Work order - Please output exactly the lines below, starting at the line that has "茶泥染の雰囲気の良いお色味に" and ending at the line that has "Next stop on", both included; leave out all pictures and include nothing else.

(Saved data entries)
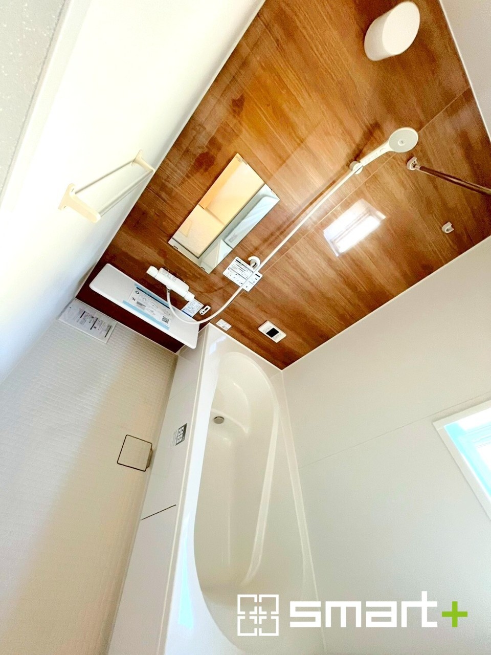 2号棟 ~浴室乾燥機付きの浴室~ ・浴室には乾燥機が付いているので雨の日でも洗濯物を干すことが可能です。 ・水はけの良い床材など機能面も充実。マイクロバルなどオプションもご相談くださいませ。
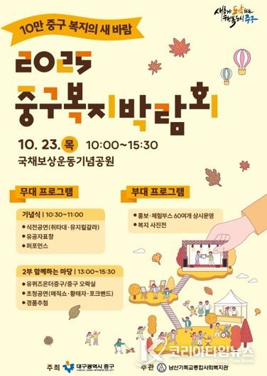 코리아타임뉴스 대구취재본부 | 대구 중구는 오는 10월 23일 중구 국채보상운동기념공원에서 2025 중구 복지박람회를 개최한다고 밝혔다.
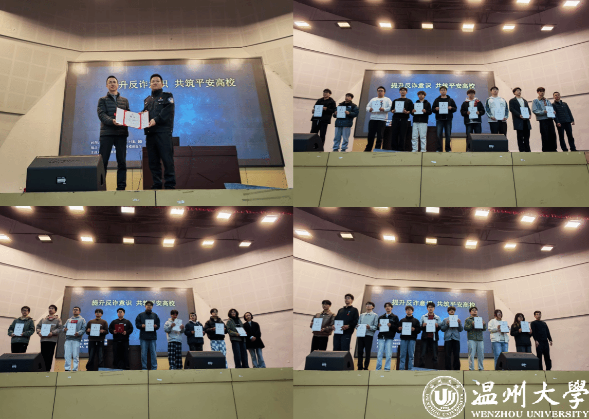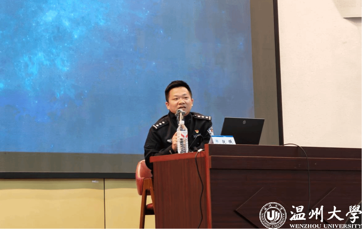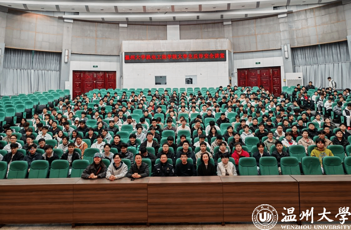 温州市公安局瓯海区分局茶山派出所副所长阮挺,双赢彩票 党委副书记方建晓、双赢彩票 保卫科陈琪老师、茶山派出所周警官出席活动,双赢彩票 全体辅导员、各班安全委员及 2025 级全体本科生、研究生共计500余人参加本次活动。
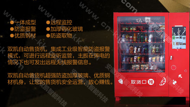 對于安全性能要求較高的客戶,安徽雙凱定制機可增加超強防盜報警系統。雙凱自動售貨機集成工業級智能防盜報警模式,可以在遠程監聽監管,主板在停電的情況下可發出遠程無限報警信息;防盜加厚玻璃、優質鋼材機身,能夠讓您安全運營,放心賺錢。
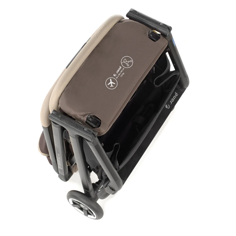 Pour finir, la poussette de Jané se replie aisément ! Elle prend alors peu de place, et vous suit partout : en ville, dans le bus, le métro, le train ou même l’avion. En effet, son pliage compact vous permet de la ranger dans l’auto sans vous encombrer, et même de l’emporter avec vous en cabine, si votre compagnie aérienne le permet.
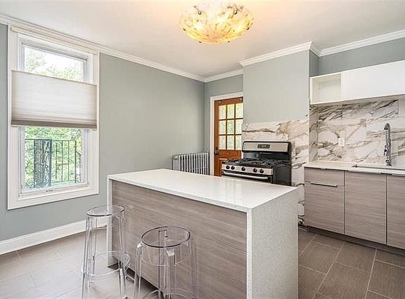 This impeccable rental situated on a corner lot with 3 exposures is a combination of new & original details! Located in Riverview Art District of Jersey City Heights. This is a 3 bedroom, 1 bath duplex. Some of the many features include renovated modern kitchen with Fabritec European Cabinets, crown molding, newer bath, hardwood floors throughout, double pane windows, flooded with natural sunlight, new-brick front porch, rear deck with custom ornate ironwork and the list goes on. On site parking available for extra cost. Beautifully landscaped with Japanese Maple, Weeping Cherry & Pear trees. Close proximity to public transportation, major highways, parks, pool, Franklin Avenue Steps to Hoboken, cafes, restaurants and shops. Don't miss this show stopper Available ASAP
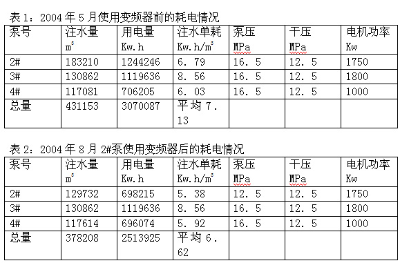 該變頻器于2004年8月在新三聯(lián)2#注水電機(jī)安裝正式運(yùn)行,使用變頻器前后的耗電情況統(tǒng)計(jì)見(jiàn)下表:
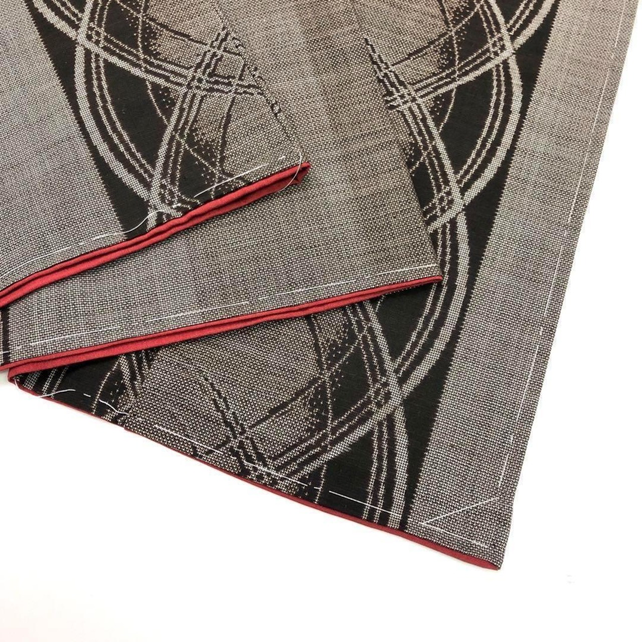 茶泥染の雰囲気の良いお色味に縦柄にデザインされた織模様が素敵なお品でございます。
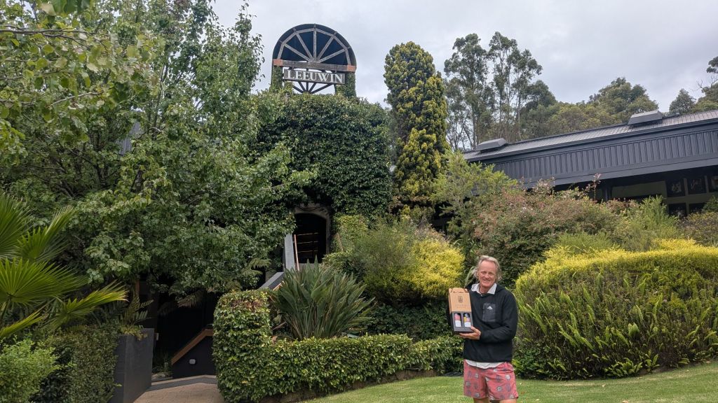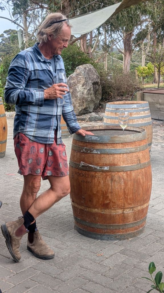Next stop on the tourist drive was a winery. There are many on the route but we stopped at just one Rockcliffe. Another beautiful setting and nice wine hosted by quirky resident number 3, the owner and sommelier. He was an English geologist who had come to the area 40 years ago. For tasting we could just select any wine he had, and there was no real limit to the amount. Seeing it was still morning we didn’t over indulge. We bought a few bottles.
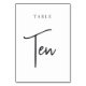 Cartões simples e chic em preto e branco clássico fazem uma declaração elegante no seu casamento ou evento. Design apresenta "mesa [number]" em uma combinação de olhares de serif clássica e de caracteres de script manuscritos. Design repete-se de ambos os lados. Cartões numerados individualmente vendidos separadamente; solicite cada número de tabela individualmente da nossa coleção.
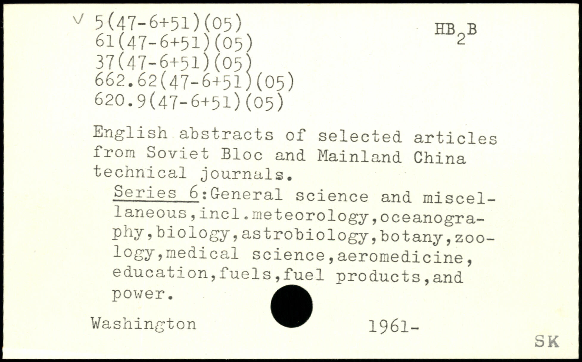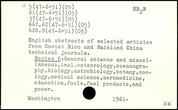 English abstracts of selected articles from Soviet Bloc and Mainland China technical journals. Series_6:General science and miscel-1aneous,inc1.meteorology,oceanography ,biology,astrobiology,botany,zoo-logy,medical science,aeromedicine, education,fuels,fuel products,and power.
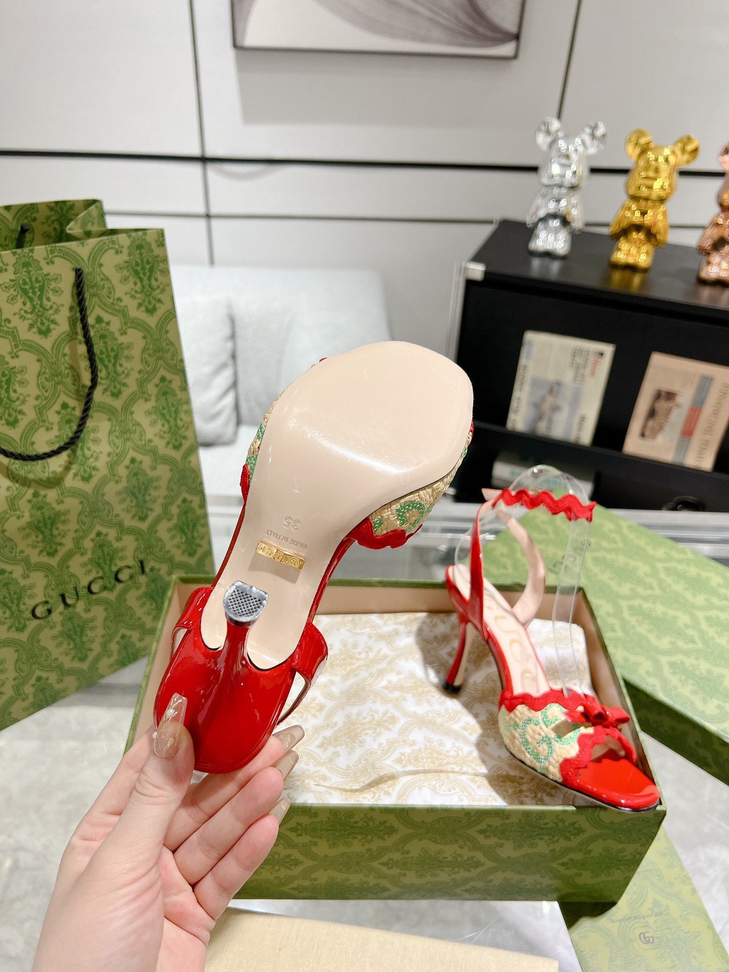 GG HIGH - HEEL SANDAL CRIMSON FABRIC ATTACH BOW
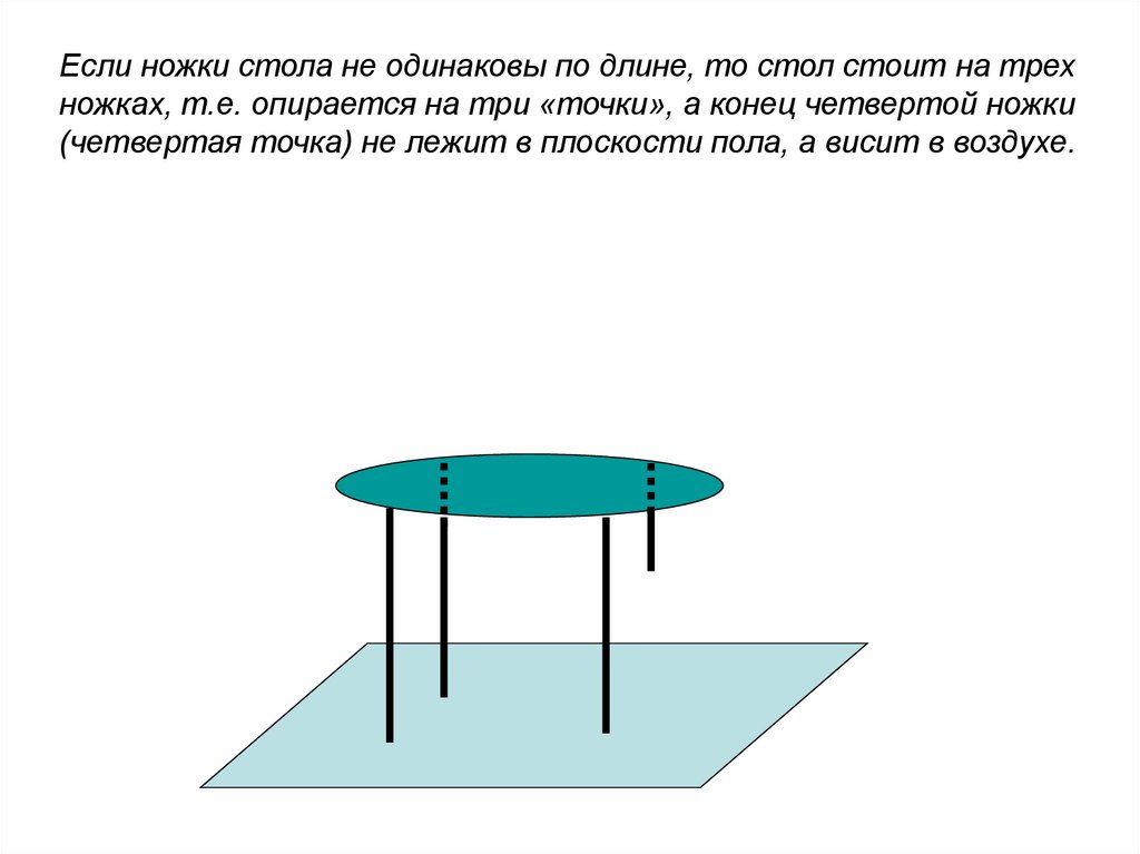 Если ножки стола не одинаковы по длине, то стол стоит на трехножках, т.е. опирается на три «точки», а конец четвертой ножки

Task result -
 茶泥染の雰囲気の良いお色味に縦柄にデザインされた織模様が素敵なお品でございます。
Next stop on the tourist drive was a winery. There are many on the route but we stopped at just one Rockcliffe. Another beautiful setting and nice wine hosted by quirky resident number 3, the owner and sommelier. He was an English geologist who had come to the area 40 years ago. For tasting we could just select any wine he had, and there was no real limit to the amount. Seeing it was still morning we didn’t over indulge. We bought a few bottles.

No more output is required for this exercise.